En quoi votre manière d’écrire l’histoire est-elle différente des autres manières d’écrire l’histoire ?
J’ai été très influencée par mes parents conteurs d’histoire. Mon père est un grand conteur d’histoire. Mais quand je suis entrée à la faculté, ce type d’histoire était discrédité, en particulier à l’USP où prédominait l’histoire structurelle. Je crois qu’avant la télévision, avant cette grande transformation des moyens de communication, les personnes racontaient beaucoup d’histoires. J’ai grandi en province, dans le milieu rural et dans l’entourage de mes grands-parents, et les personnes avaient beaucoup d’histoires. Donc l’histoire que j’ai toujours aimée, c’est l’histoire narrative. Ensuite, dans les années 1990, elle a de nouveau été à la mode. L’histoire plus analytique est très importante parce qu’elle fait moins d’erreurs, mais elle m’attire moins. Je crois que cela est dû à une question de tempérament. Je ne m’intéresse pas seulement aux historiens. J’adore l’anthropologie et surtout les monographies classiques, qui sont narratives. J’aime beaucoup l’histoire de l’art et de la littérature. Ce sont donc des goûts qui m’ont conduit vers un autre type d’histoire, peut-être plus passible d’erreurs mais davantage lié à d’autres disciplines.
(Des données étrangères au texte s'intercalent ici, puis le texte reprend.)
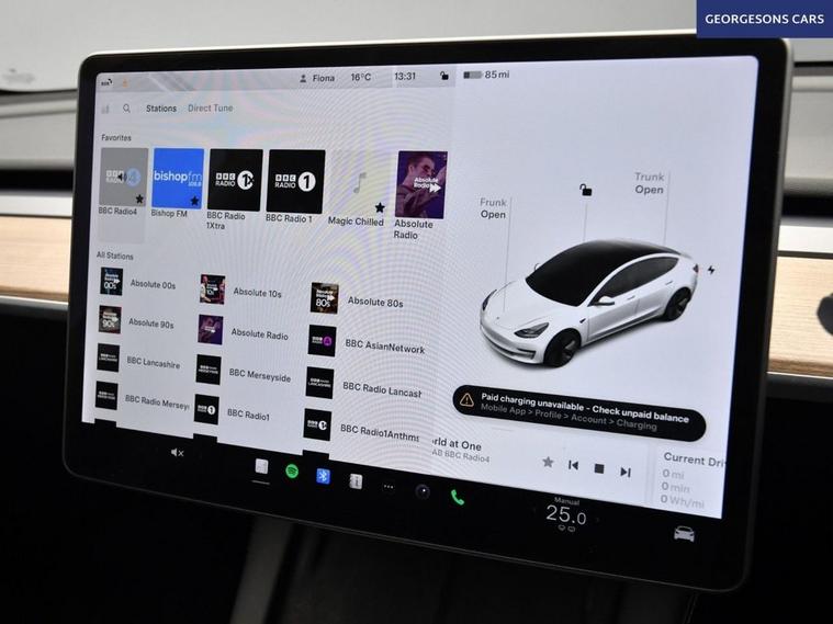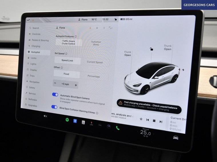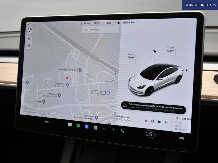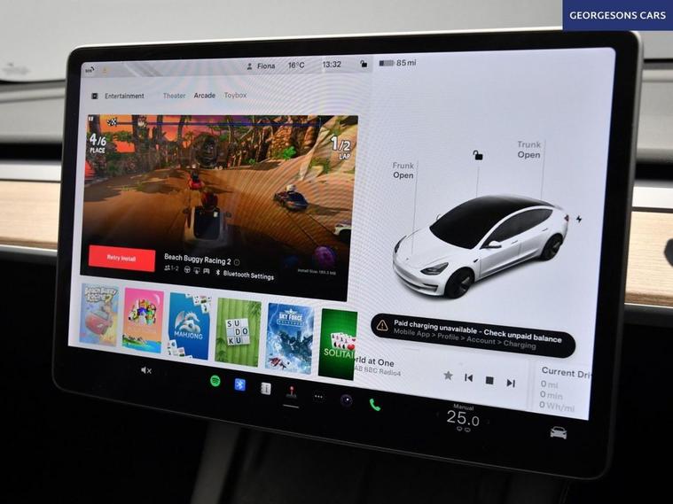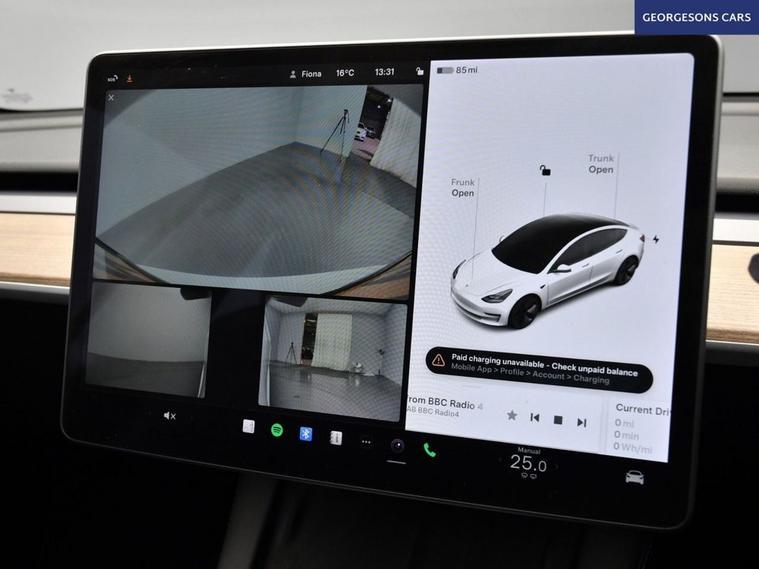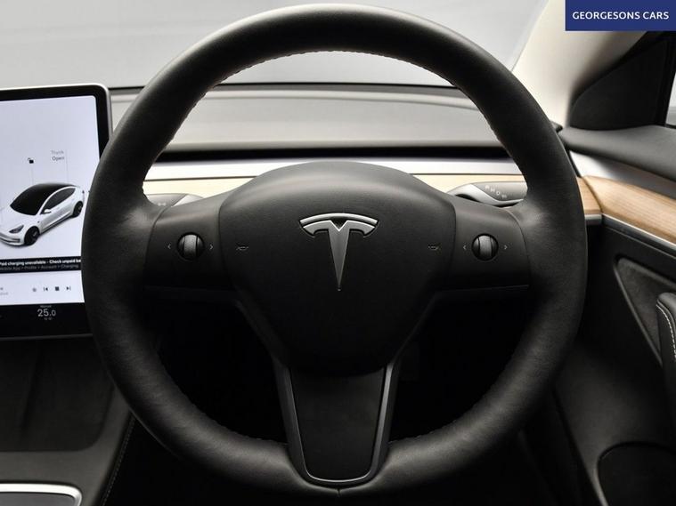 This Tesla Model 3 Standard Range Plus delivers responsive performance from its electric motor with 283hp, achieving 0-62mph in 5.6 seconds and up to 254 miles of WLTP range in this rear-wheel-drive setup with a single-speed automatic transmission. The panoramic roof enhances the airy cabin feel, while the premium interior offers modern luxury. This Model 3 is equipped for effortless connectivity with Bluetooth, DAB radio, and integrated sat nav through the 15-inch touchscreen. The 360-degree camera system and reverse camera, paired with parking sensors, provide comprehensive visibility for easy maneuvering. Dual-zone climate control and air conditioning maintain optimal comfort, complemented by heated seats and electric heated seats for all-season warmth. Cruise control with speed limiter and adaptive capabilities ensure relaxed driving, while lane assist and blind spot assist enhance safety on every route. Selectable drive modes allow customization from chill to standard for tailored efficiency and dynamics. The sleek four-door saloon design includes a 425-litre boot for practicality.

De quelle manière vos parents vous ont-ils influencée ?
Je pense que le milieu familial et très marquant. Bien sûr, le fait d’avoir grandi dans une maison où l’environnement intellectuel était très marquant par le biais des conversations et de la présence des livres a été déterminant, d’autant que d’après moi il s’agit des choses les plus importantes. On ne lit pas tous les livres que l’on a, mais cet accord que l’on passe avec le livre, aller près de l’étagère et regarder, c’est très important. Mes parents étaient des gens très discrets, donc je n’ai pris conscience de leur importance dans le milieu universitaire que quand je suis entrée à l’université. Je n’en avais pratiquement aucune idée. Comme j’ai grandi pendant la dictature militaire, c’était au contraire plutôt un peu dérangeant d’avoir les parents que j’avais. Pendant dix ans, on a entendu des rumeurs selon lesquelles mon père allait être destitué de ses droits. Le climat d’insécurité était très grand ; appartenir à ce milieu n’était pas quelque chose qui me rendait fière mais plutôt quelque chose d’un peu marginal. C’est après que je me suis rendue compte combien ils étaient respectables, importants, etc. Je ne crois pas non plus qu’ils aient développé des attentes trop grandes à mon égard, et ils nous ont toujours laissées, moi et mes sœurs, être ce que nous voulions être. J’ai même tenté de sortir du milieu en faisant d’autres choses comme l’architecture et la médecine, mais je n’ai pas réussi. Mon grand regret est de ne pas être parvenue à être médecin.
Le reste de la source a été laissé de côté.